C’est ce que révèle l’enquête EPIPAGE-2, réalisée par les chercheurs de l’équipe Inserm-Université de Paris EPOPé – « Equipe de Recherche en Épidémiologie Obstétricale, Périnatale et Pédiatrique », du Centre de Recherche Epidémiologie et Statistiques (CRESS, Unité 1153) et impliquant des équipes de l’AP-HP ainsi que du CHU de Lille. Cette étude s’est intéressée au devenir de 3083 enfants nés prématurément, à leur insertion scolaire, à leur recours à des prises en charge, ainsi qu’aux inquiétudes ressenties par leurs parents. Elle est publiée dans la revue The British Medical Journal.

En France, la prématurité est la première cause de mortalité néo natale et est responsable de la moitié des handicaps d’origine périnatale. Elle touche chaque année environ 55 000 naissances. Parmi ces milliers d’enfants, 8 à 10 000 naissent au terme de 22 à 31 semaines de grossesse et sont décrits comme extrêmes ou grands prématurés.

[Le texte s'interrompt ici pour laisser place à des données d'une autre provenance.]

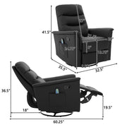 Manual Recliner Chair With 8 Point Massage And Swivel Function For Living Room - Black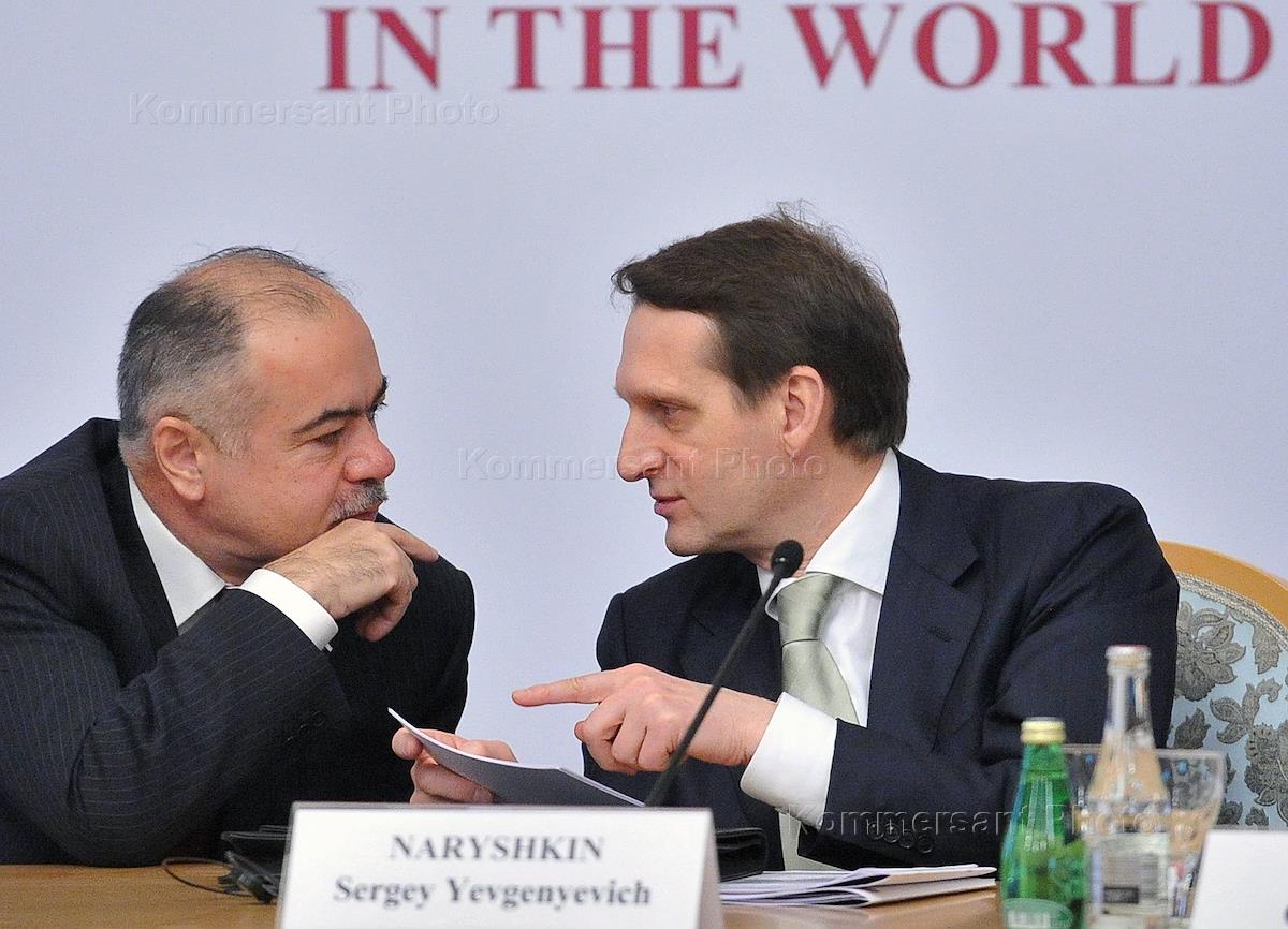 Заместитель председателя Совета Федерации России Ильяс Умаханов (слева) и председатель Государственной думы России Сергей Нарышкин (справа) во время заседания "круглого стола" на тему "Уроки истории России ХХ века в мировом контексте".

Nés entre 24 et 26 semaines d’aménorrhée révolues, les enfants sont considérés comme extrêmes prématurés.

Nés entre 27 et 31 semaines, les enfants sont considérés comme grands prématurés.

Nés entre 32 et 34 semaines d’aménorrhée révolues) les enfants sont considérés comme modérément prématurés.

EPIPAGE-2 est une enquête française pilotée par l’Inserm incluant au départ 5170 enfants, nés prématurément au terme de 5 à 7 mois et demi de grossesse, entre avril et décembre 2011. Un des objectifs des chercheurs qui coordonnent cette enquête est de mieux comprendre les conséquences de la prématurité pour les enfants, plus précisément sur leur devenir neuro-moteur, sensoriel, cognitif, comportemental ainsi que pour leurs apprentissages. 3083 enfants ont été revus dans le cadre de consultations spécialisées dédiées à l’enquête à l’âge de 5 ans et demi.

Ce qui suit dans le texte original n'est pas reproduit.